STORED DATA

((

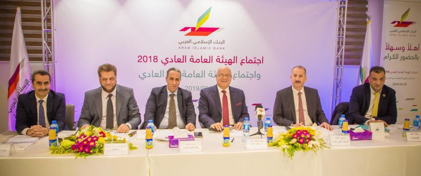 عقدت الهيئة العامة للبنك الإسلامي العربي اجتماعها السنوي العادي للعام 2018 واجتماعها غير العادي يوم الاثنين الموافق 25/3/2019 في مبنى الإدارة العامة للبنك في رام الله، برئاسة الأستاذ الدكتور عاطف علاونة رئيس مجلس إدارة البنك وأعضاء مجلس الإدارة، والمدير العام السيد هاني ناصر ورئيس هيئة الفتوى والرقابة الشرعية في البنك د. جمال الكيلاني و مراقب الشركات في وزارة الاقتصاد الوطني السيد طارق المصري وممثلين عن كل من سلطة النقد الفلسطينية وهيئة سوق رأس المال و بورصة فلسطين ومدقق الحسابات الخارجي (Ernst & Young) إرنست و يونغ، وبحضور ما مجموعه حوالي 91.53% من حملة أسهم البنك، و كاتب الجلسة الاستاذة أديبة عفانة.
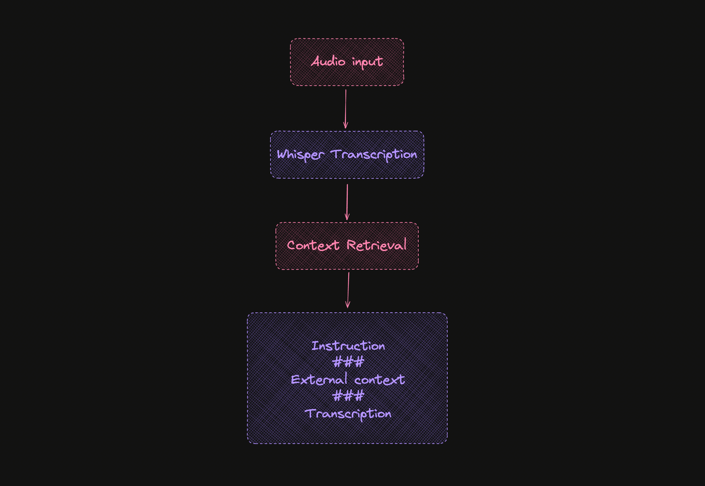 A slightly more advanced option is to process the generated transcription through an LLM, where, in addition to the transcription, an instruction is also included based on which the text will be processed according to our expectations. There is also nothing to prevent the instruction from being enriched with additional external context, which will also influence the final response.
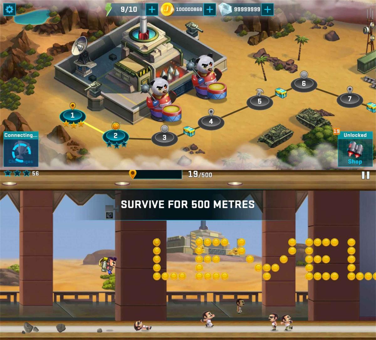 疯狂喷气机是一款全球热门经典闯关游戏。驾驭你的喷气背包手机金钱,躲避导弹、障碍、激光等等阻拦挑战,考验你的技术和反应能力,解锁无限金钱。
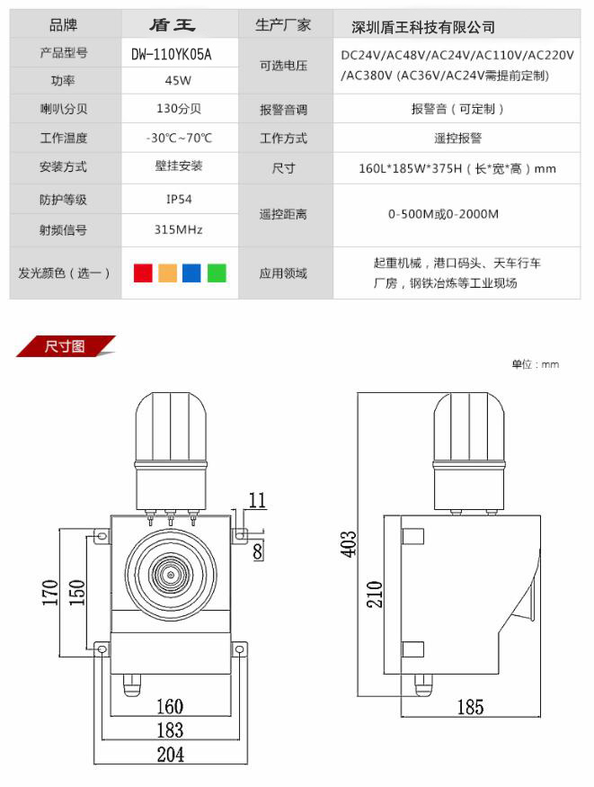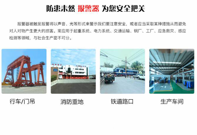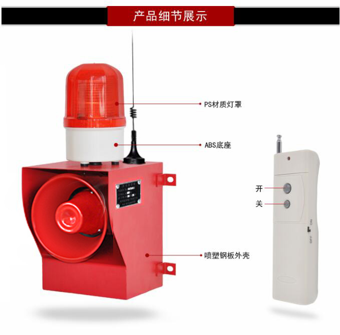 遙控一鍵聲光報警器,產品內芯采用專用集成電路設計具有抗干擾能力強,工作穩定等特點;外型利用噴塑鋼板材料,采用先進的工藝制作而成,結構設計新穎、美觀、大方;閃光燈利用目前流行的LED燈管制造而成,大大增強了燈管的使用壽命;同時本系列產品還具有重量輕、防水、抗強震、安裝方便等優點。產品系列型號齊全,用戶可根據自身使用場合及要求選擇音調及語音報警方式。該型號適用于噪雜的工業現場或較空曠的礦上等場所。適用于起重機械、門吊、橋吊、行車以及冶金、礦山大型的安全警報裝置。大功率遙控聲光報警器用戶可根據自身使用場合及要求選擇電壓,音調及語音報警方式等。YS-05AY無線遙控聲光報警器系列是我公司采用了聲光控制技術,該款聲光報警器內置315MHZ無線模塊,可使用出廠標配的無線遙控器遠距離遙控聲光報警器的“開”與“關”,真正做到隨開隨關,遠程無線控制!

))

EXERCISE OBJECTIVE
Copy each line above precisely, dropping the pictures.

TASK RESPONSE
 عقدت الهيئة العامة للبنك الإسلامي العربي اجتماعها السنوي العادي للعام 2018 واجتماعها غير العادي يوم الاثنين الموافق 25/3/2019 في مبنى الإدارة العامة للبنك في رام الله، برئاسة الأستاذ الدكتور عاطف علاونة رئيس مجلس إدارة البنك وأعضاء مجلس الإدارة، والمدير العام السيد هاني ناصر ورئيس هيئة الفتوى والرقابة الشرعية في البنك د. جمال الكيلاني و مراقب الشركات في وزارة الاقتصاد الوطني السيد طارق المصري وممثلين عن كل من سلطة النقد الفلسطينية وهيئة سوق رأس المال و بورصة فلسطين ومدقق الحسابات الخارجي (Ernst & Young) إرنست و يونغ، وبحضور ما مجموعه حوالي 91.53% من حملة أسهم البنك، و كاتب الجلسة الاستاذة أديبة عفانة.
 A slightly more advanced option is to process the generated transcription through an LLM, where, in addition to the transcription, an instruction is also included based on which the text will be processed according to our expectations. There is also nothing to prevent the instruction from being enriched with additional external context, which will also influence the final response.
 疯狂喷气机是一款全球热门经典闯关游戏。驾驭你的喷气背包手机金钱,躲避导弹、障碍、激光等等阻拦挑战,考验你的技术和反应能力,解锁无限金钱。
 遙控一鍵聲光報警器,產品內芯采用專用集成電路設計具有抗干擾能力強,工作穩定等特點;外型利用噴塑鋼板材料,采用先進的工藝制作而成,結構設計新穎、美觀、大方;閃光燈利用目前流行的LED燈管制造而成,大大增強了燈管的使用壽命;同時本系列產品還具有重量輕、防水、抗強震、安裝方便等優點。產品系列型號齊全,用戶可根據自身使用場合及要求選擇音調及語音報警方式。該型號適用于噪雜的工業現場或較空曠的礦上等場所。適用于起重機械、門吊、橋吊、行車以及冶金、礦山大型的安全警報裝置。大功率遙控聲光報警器用戶可根據自身使用場合及要求選擇電壓,音調及語音報警方式等。YS-05AY無線遙控聲光報警器系列是我公司采用了聲光控制技術,該款聲光報警器內置315MHZ無線模塊,可使用出廠標配的無線遙控器遠距離遙控聲光報警器的“開”與“關”,真正做到隨開隨關,遠程無線控制!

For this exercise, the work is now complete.